The plan looks like this:

00-00    Screen : rowType = RecordType(DATE payment_date, ANY total_sum): rowcount = 10.0, cumulative cost = {331.0 rows, 2671.0 cpu, 0.0 io, 0.0 network, 1760.0000000000002 memory}, id = 67521
00-01      Project(payment_date=[$0], total_sum=[$1]) : rowType = RecordType(DATE payment_date, ANY total_sum): rowcount = 10.0, cumulative cost = {330.0 rows, 2670.0 cpu, 0.0 io, 0.0 network, 1760.0000000000002 memory}, id = 67520
00-02        SelectionVectorRemover : rowType = RecordType(DATE payment_date, ANY total_sum): rowcount = 10.0, cumulative cost = {320.0 rows, 2650.0 cpu, 0.0 io, 0.0 network, 1760.0000000000002 memory}, id = 67519
00-03          Limit(fetch=[10]) : rowType = RecordType(DATE payment_date, ANY total_sum): rowcount = 10.0, cumulative cost = {310.0 rows, 2640.0 cpu, 0.0 io, 0.0 network, 1760.0000000000002 memory}, id = 67518
00-04            HashAgg(group=[{0}], total_sum=[SUM($1)]) : rowType = RecordType(DATE payment_date, ANY total_sum): rowcount = 10.0, cumulative cost = {300.0 rows, 2600.0 cpu, 0.0 io, 0.0 network, 1760.0000000000002 memory}, id = 67517
00-05              Project(payment_date=[TO_DATE($0)], payed_in_usd_amt=[$11]) : rowType = RecordType(DATE date_field, REAL value_field): rowcount = 100.0, cumulative cost = {200.0 rows, 600.0 cpu, 0.0 io, 0.0 network, 0.0 memory}, id = 67516
00-06                Jdbc(sql=[SELECT * FROM `Impala`.`<my schema>`.`<my table>` ]) : rowType = RecordType(<my fields>): rowcount = 100.0, cumulative cost = {100.0 rows, 100.0 cpu, 0.0 io, 0.0 network, 0.0 memory}, id = 67435

It seems like Drill issues SELECT * FROM <Impala> query to perform
group-by and limit on the host which seems terribly inefficient and
could be performed by Impala itself with much less effort.

I wonder - is it possible to tune Drill somehow to perform
limit/group-by using the storage capabilities (Impala in my case)?
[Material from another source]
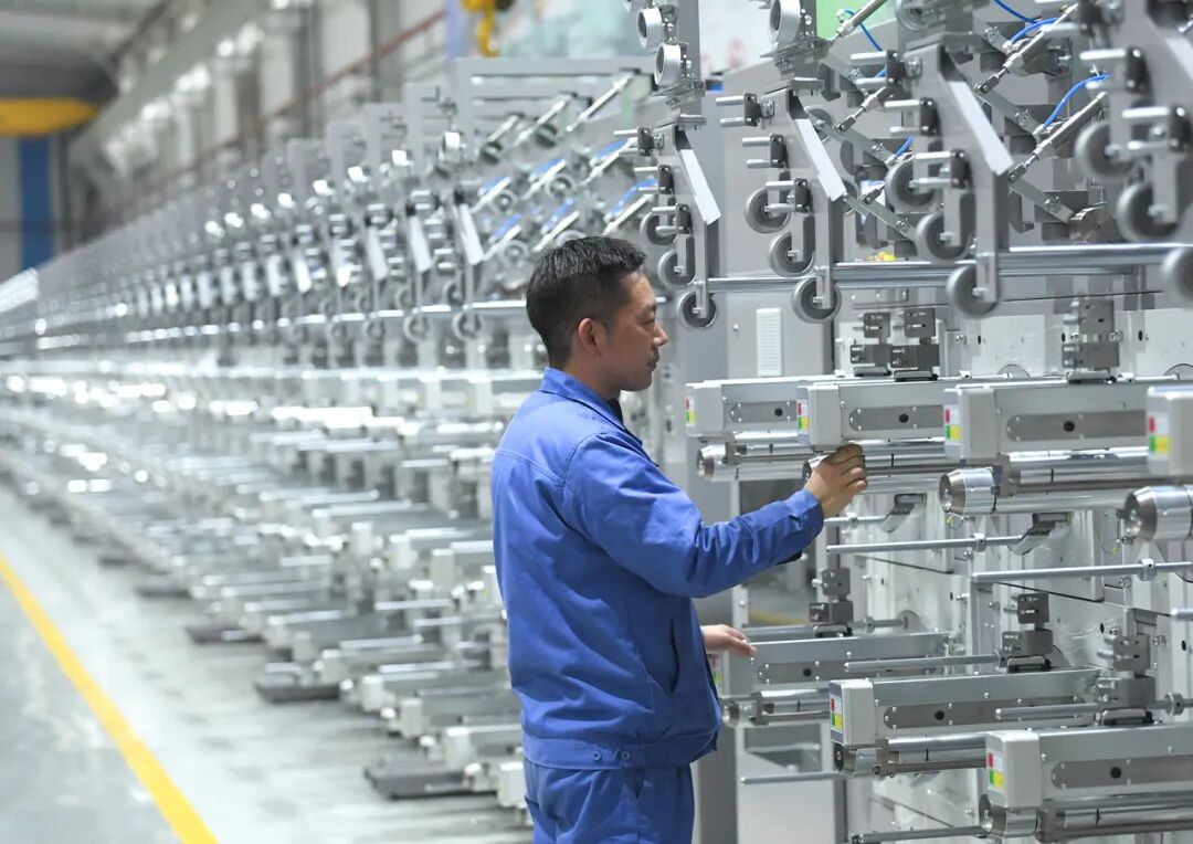 绍兴市柯桥区,技术人员在对自主研发生产的收丝机进行调试。新华社记者 翁忻旸 摄

Or if
such optimization is something do be developed - is it absent only for
JDBC connections or for all storage types?

--
With kind regards, Andrew Pashkin.
cell phone - +375 (44) 492-16-85
Skype - waves_in_fluids
e-mail - andrew.pashkin@gmx.co.uk


Re: How to force Drill to offload performing LIMIT onto the target storage?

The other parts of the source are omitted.